Он родился в Плимуте, Нью-Гэмпшир, в шестом месяце 1794 года — прямой потомок Джона Роджерса, мученика по памяти. Получив образование в Дартмутском колледже, он изучал право у достопочтенного Ричарда Флетчера из Солсбери, Нью-Гэмпшир, ныне из Бостона, и начал практиковать его в 1819 году в своей родной деревне. Он был прилежен и успешен в своей профессии, хотя редко был известен как адвокат. Около 1833 года он заинтересовался антирабовладельческим движением. Его голос был одним из немногих голосов ободрения и сочувствия, которые приветствовали автора этого очерка при публикации памфлета в пользу немедленного освобождения. Он сказал нам доброе слово одобрения и пригласил нас в свой горный дом на берегах Пемигевассета — приглашение, которое два года спустя мы приняли. Ранней осенью, в компании Джорджа Томпсона (красноречивого реформатора, который с тех пор был избран членом британского парламента от Тауэр-Хамлетс), мы проехали по красивой долине притока Белых гор реки Мерримак, и, как раз когда великолепный закат окрашивал реку, долину и горы в свои небесные оттенки, были встречены в приятном доме и семейном кругу нашего друга Роджерса. Мы провели с ним два восхитительных вечера. Его сердечность, его теплое сочувствие к нашей цели, его острый ум, неподражаемый юмор и детская и простая веселость, его полное признание прекрасного в искусстве и природе убедили нас в том, что мы были гостями не обычного человека; что мы общались с несомненным гением, таким, который мог бы добавить остроумия и красноречия знаменитому клубу Бена Джонсона в «Русалке» или тому, который Лэм, Кольридж и Саути посещали в «Салютейшн энд Кэт» в Смитфилде. «Самый блестящий человек, которого я встретил в Америке!» — сказал Джордж Томпсон, когда мы покинули гостеприимный дом нашего друга.

В 1838 году он оставил юридическую практику, покинул свой прекрасный вид в Плимуте на горы Севера, Мусхиллок и Хейстекс, и поселился в Конкорде с целью редактирования «Геральд оф Фридом», антирабовладельческой газеты, которая была основана года за три или четыре до этого. Джон Пирпонт, более компетентного свидетеля которому не могло быть, в своем кратком и прекрасном очерке жизни и трудов Роджерса не переоценивает способности, с которыми велся «Геральд», когда говорит о его редакторе: «Как газетный писатель, мы считаем его не имеющим равных среди ныне живущих людей; и в общей силе, ясности и быстроте его интеллекта, мы думаем, все, кто хорошо знал его, согласятся с нами, что он не уступал ни одному редактору в стране». Он не был глубоким мыслителем: его воображение и блестящая фантазия играли самые дикие шутки с его логикой; однако, учитывая путь, которым он к ним пришел, удивительно, что его выводы были так часто верны. Склонность его ума была к крайностям. Ревностный член кальвинистской церкви, он стал столь же ревностным противником церквей и священников; горячий политик, он стал ультра-непротивленцем и человеком, отрицающим правительство. Во всем этом его искренность была очевидна. Если, предаваясь своим замечательным способностям к сарказму, в свободных выходках юмористической фантазии, на чью грациозную шею он бросил поводья, он иногда поступал несправедливо по отношению к отдельным лицам и касался в непочтительной игре подола священных одежд, это имело оправдание, по крайней мере, великодушного и честного мотива. Если он иногда преувеличивал, те, кто лучше всего знал его, могут засвидетельствовать, что он «не записал ничего со злобой».

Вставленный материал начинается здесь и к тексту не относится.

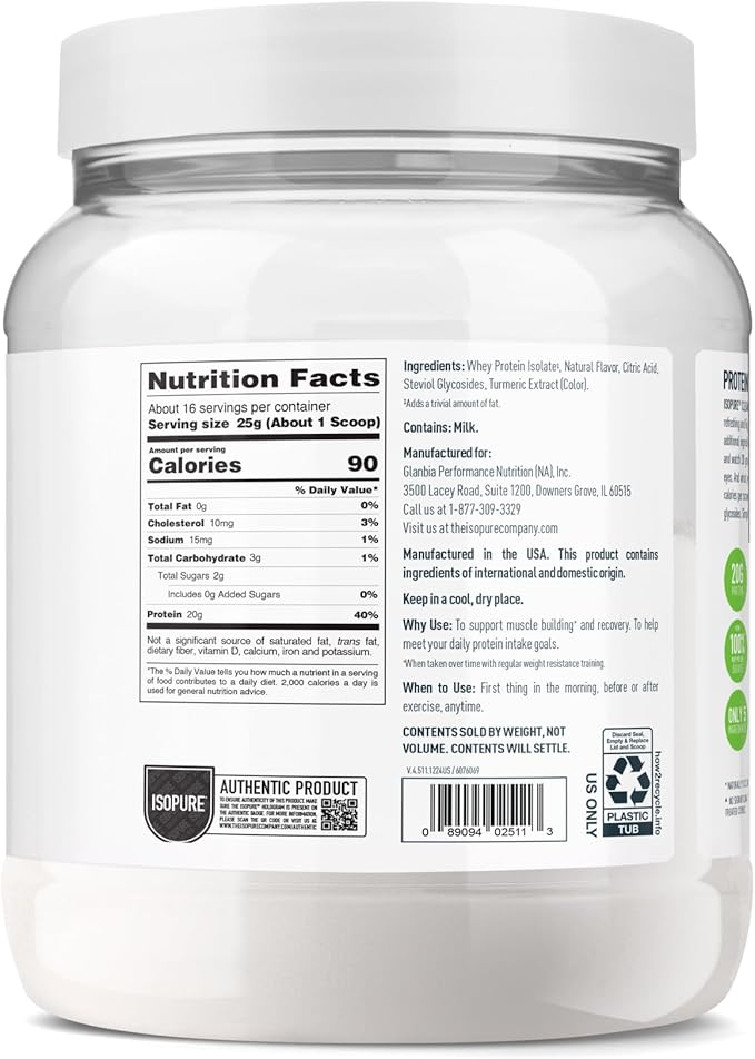 - One 14.1 oz bottle (16 servings) of Isopure 100% Pure Whey Isolate Protein Powder Infusions in dynamically delicious Mango Lime flavor

У нас перед глазами печатный сборник его трудов — поспешные передовицы, брошенные без заботы или пересмотра, порождение внезапного импульса часто; всегда свободные, безыскусные, необдуманные; язык прозрачен, как воздух, точно выражающий мысль. Он любил обычный, простой диалект народа — «красивый сильный старый саксонский — разговорные слова». У него была особая неприязнь к ученым и «словарным словам». Он имел обыкновение рекомендовать труды Коббета «каждому молодому человеку и женщине, которые пострадали в своей речи и письме, ходя в школу».

Наши рамки не позволят сделать такие выдержки из Сборника его трудов, которые дали бы нашим читателям адекватное представление о его мысли и манере. Его описания природных пейзажей светятся жизнью. Читая их, можно почти увидеть закатный свет, заливающий Франкония-Нотч и прославляющий пики Мусхиллока, и услышать ропот западного ветра в соснах, и легкий, жидкий голос Пемигевассета, звучащий из своего каменистого русла, сквозь зеленую кайму кленов. Мы приводим краткую выдержку из редакционного отчета об осенней поездке в Вермонт:

«Мы недавно путешествовали по части этого свободного штата; и это не все воображение в нас, что видит в его смелых пейзажах, его неинфицированном внутреннем положении, его гористой, но плодородной и зеленой поверхности секрет благородной предрасположенности его народа. Они расположены для свободы. Дом свободы находится на их Зеленых горах. Их фермерская республика нигде не касается океана, шоссе преступлений мира, так же как и его наций. У нее нет морского порта для импорта рабства или экспорта своего собственного горного республиканизма. Если бы рабство когда-либо возобладало над этой нацией, до ее полного подчинения, последние затянувшиеся шаги уходящей Свободы были бы видны не, как сказал Дэниел Уэбстер, в гордом старом Содружестве Массачусетса, около Банкер-Хилла и Фанейл-холла; но она будет найдена рыдающей, подобно дочери Иеффая, среди «ложбин» и вдоль склонов Зеленых гор».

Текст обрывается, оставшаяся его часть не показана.